===== SOURCE INFORMATION =====

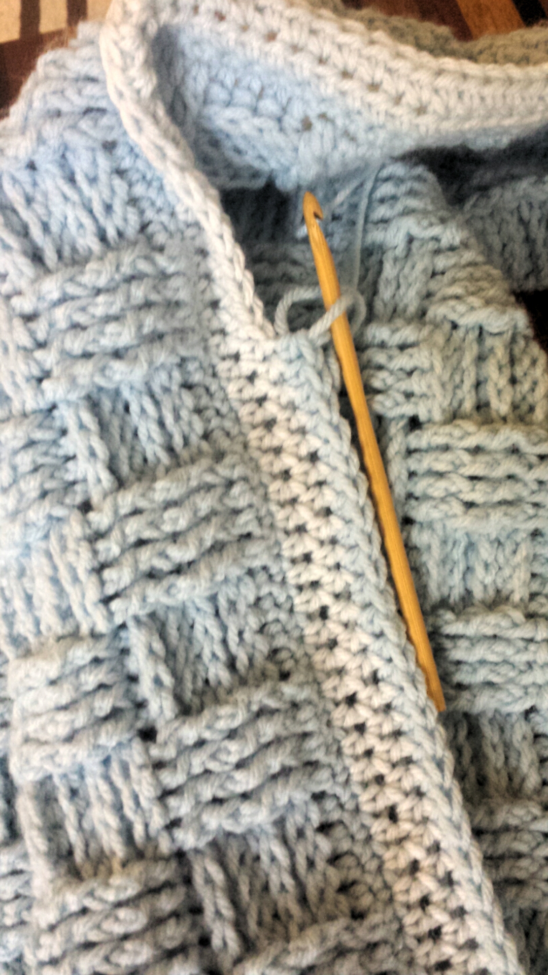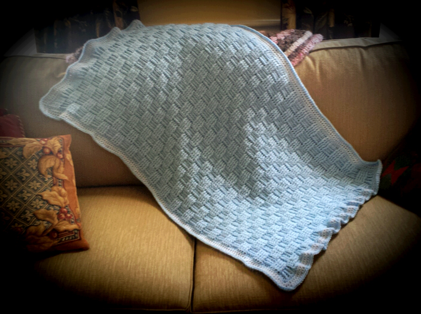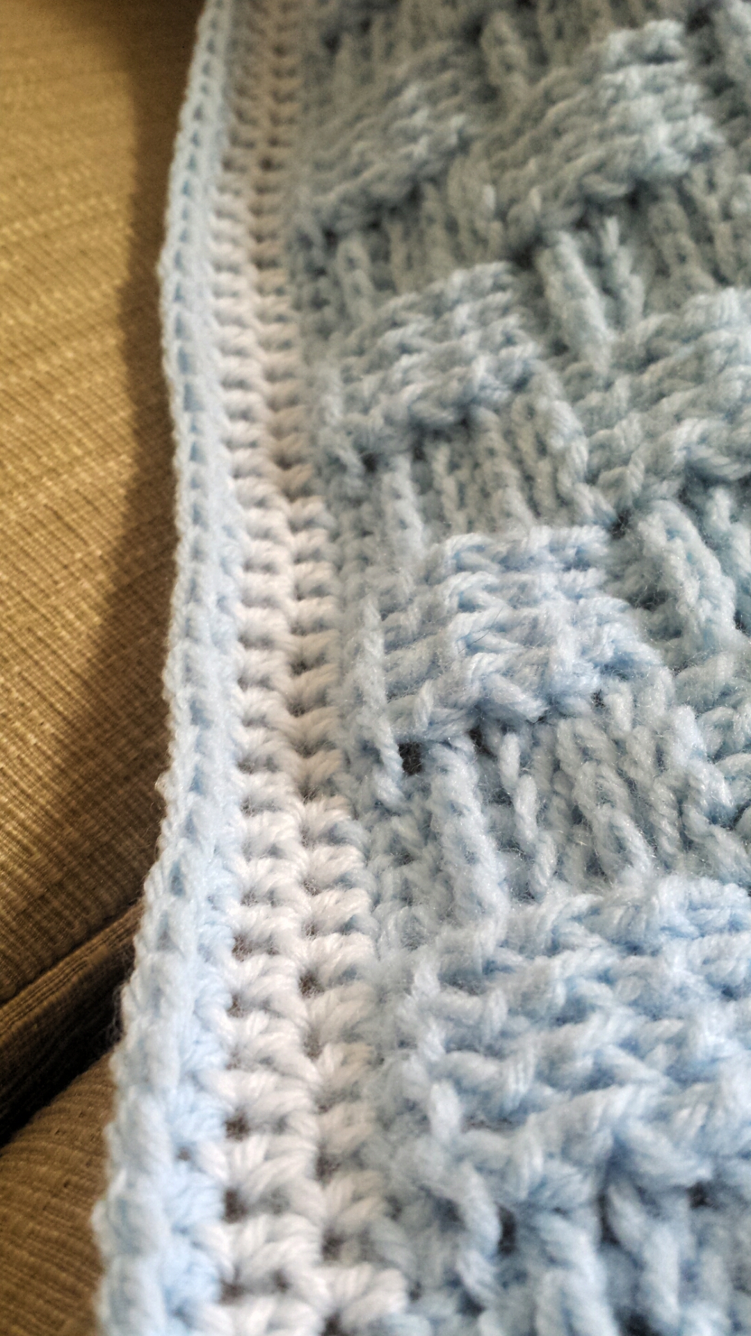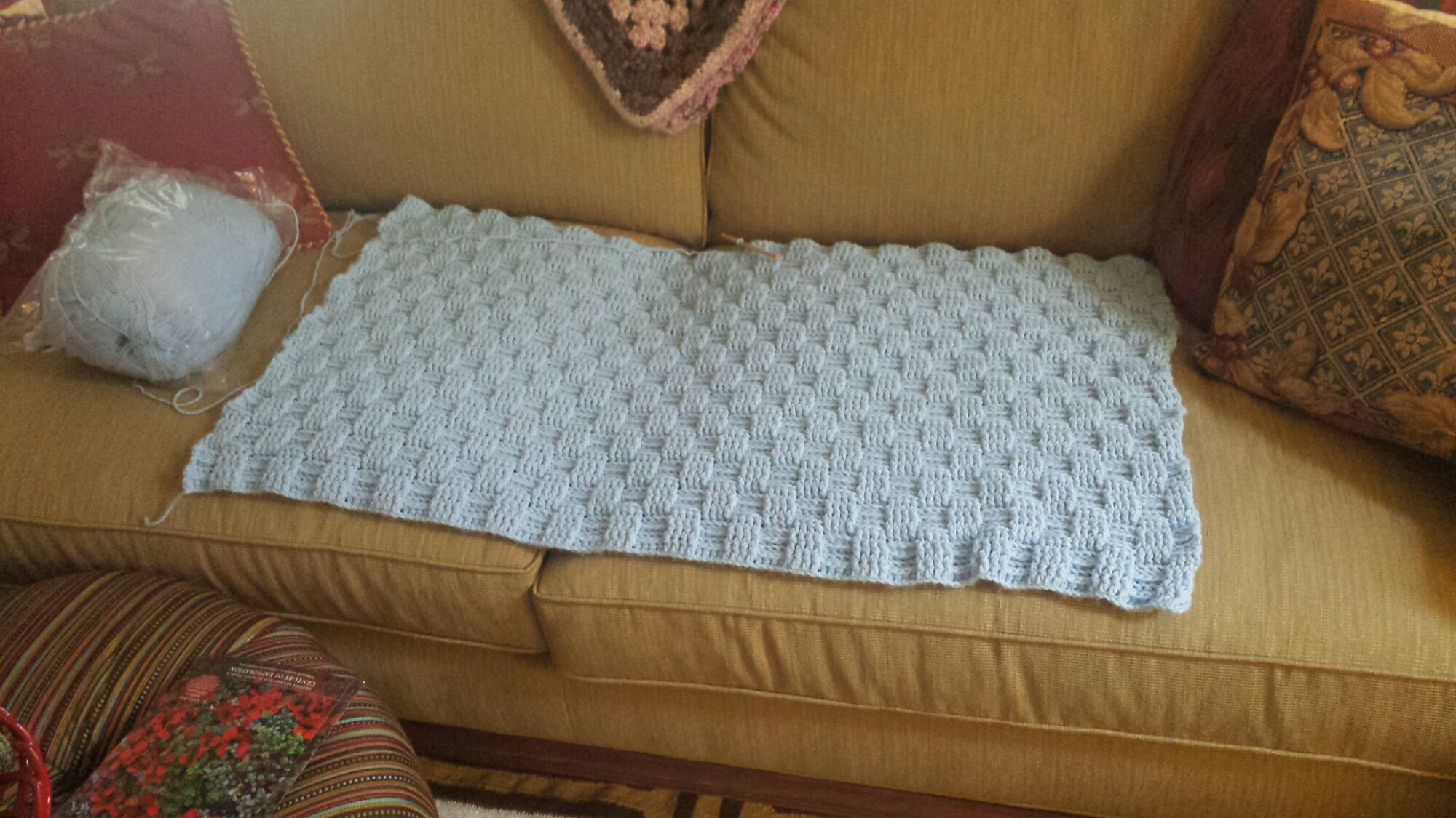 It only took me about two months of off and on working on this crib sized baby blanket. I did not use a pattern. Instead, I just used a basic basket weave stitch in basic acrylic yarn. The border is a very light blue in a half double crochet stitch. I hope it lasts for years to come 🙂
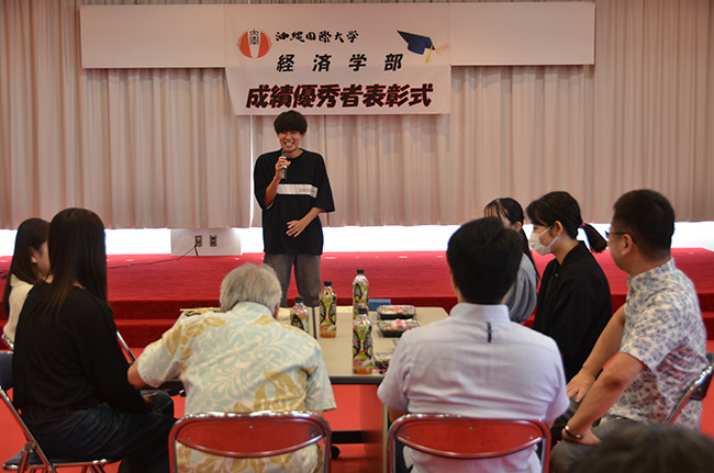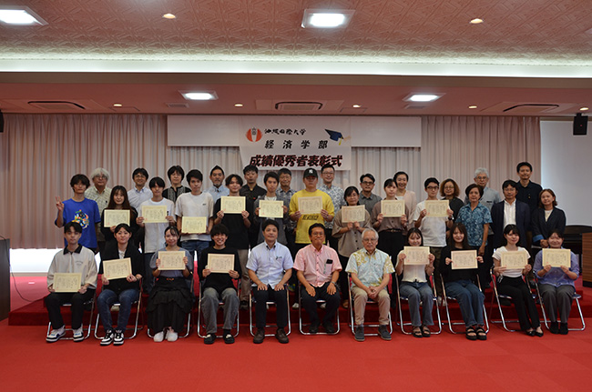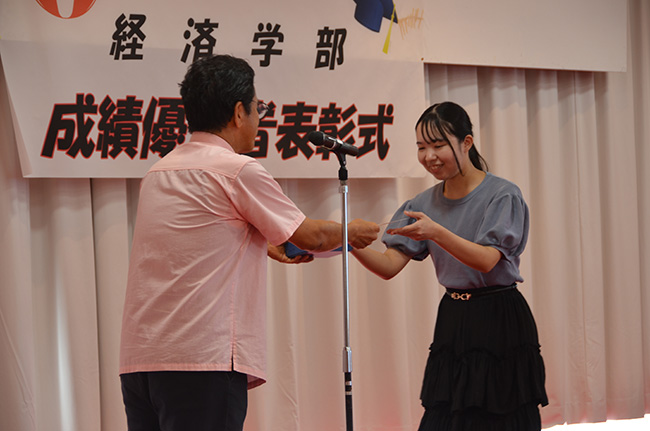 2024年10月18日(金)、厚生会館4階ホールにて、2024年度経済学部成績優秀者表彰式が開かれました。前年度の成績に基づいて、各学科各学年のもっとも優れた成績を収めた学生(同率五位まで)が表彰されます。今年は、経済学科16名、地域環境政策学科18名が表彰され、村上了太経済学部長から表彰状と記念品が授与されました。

=====
===== SOURCE INFORMATION =====

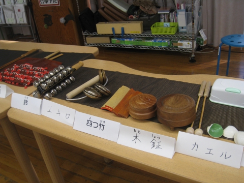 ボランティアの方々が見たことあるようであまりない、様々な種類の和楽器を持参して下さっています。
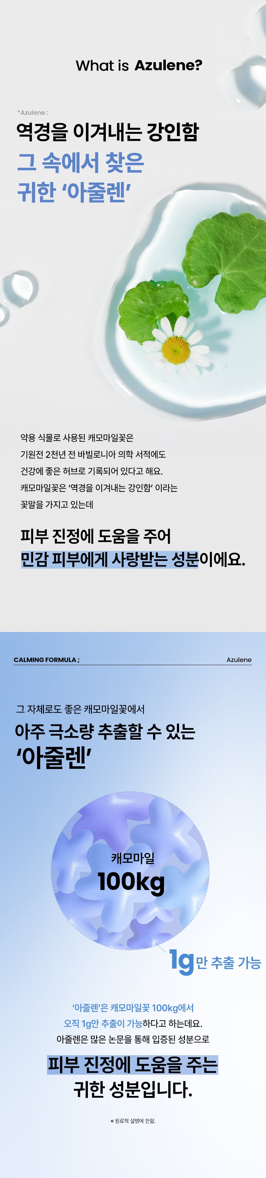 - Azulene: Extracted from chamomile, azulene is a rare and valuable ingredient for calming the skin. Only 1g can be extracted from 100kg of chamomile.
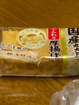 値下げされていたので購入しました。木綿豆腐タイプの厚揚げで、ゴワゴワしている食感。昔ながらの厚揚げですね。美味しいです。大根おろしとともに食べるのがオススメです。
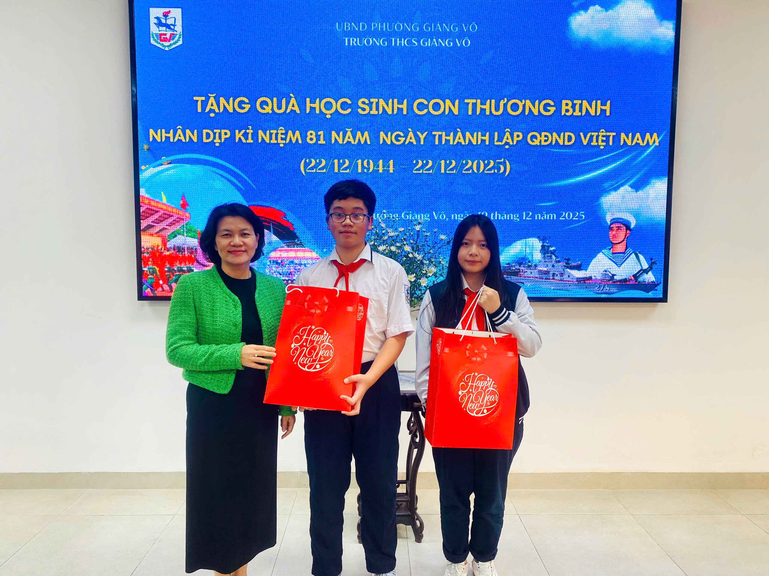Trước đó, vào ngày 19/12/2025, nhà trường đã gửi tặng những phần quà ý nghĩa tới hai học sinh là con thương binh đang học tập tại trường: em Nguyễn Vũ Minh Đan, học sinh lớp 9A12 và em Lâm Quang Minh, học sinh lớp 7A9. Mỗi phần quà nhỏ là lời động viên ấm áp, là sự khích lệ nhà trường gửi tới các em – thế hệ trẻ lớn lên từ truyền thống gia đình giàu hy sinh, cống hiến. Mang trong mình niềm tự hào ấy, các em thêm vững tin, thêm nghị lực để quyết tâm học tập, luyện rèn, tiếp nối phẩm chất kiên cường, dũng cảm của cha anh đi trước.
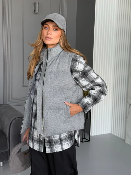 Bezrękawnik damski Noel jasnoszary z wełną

=====
===== SOURCE INFORMATION =====

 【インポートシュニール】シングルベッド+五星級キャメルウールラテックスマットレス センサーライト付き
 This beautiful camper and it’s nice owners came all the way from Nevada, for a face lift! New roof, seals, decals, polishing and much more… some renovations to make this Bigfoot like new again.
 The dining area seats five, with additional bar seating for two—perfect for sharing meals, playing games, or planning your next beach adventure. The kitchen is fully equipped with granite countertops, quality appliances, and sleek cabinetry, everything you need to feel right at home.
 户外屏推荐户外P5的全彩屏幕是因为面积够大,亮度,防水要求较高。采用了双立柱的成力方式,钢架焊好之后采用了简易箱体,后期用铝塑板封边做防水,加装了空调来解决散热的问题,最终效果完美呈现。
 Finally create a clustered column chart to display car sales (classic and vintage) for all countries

=====

### EXERCISE INSTRUCTIONS
Above are records; write out the lines from the one with "- Azulene: Extracted" down to the one with "値下げされていたので購入しま", exactly, leaving the pictures out.

### THE COMPLETED TASK
 - Azulene: Extracted from chamomile, azulene is a rare and valuable ingredient for calming the skin. Only 1g can be extracted from 100kg of chamomile.
 値下げされていたので購入しました。木綿豆腐タイプの厚揚げで、ゴワゴワしている食感。昔ながらの厚揚げですね。美味しいです。大根おろしとともに食べるのがオススメです。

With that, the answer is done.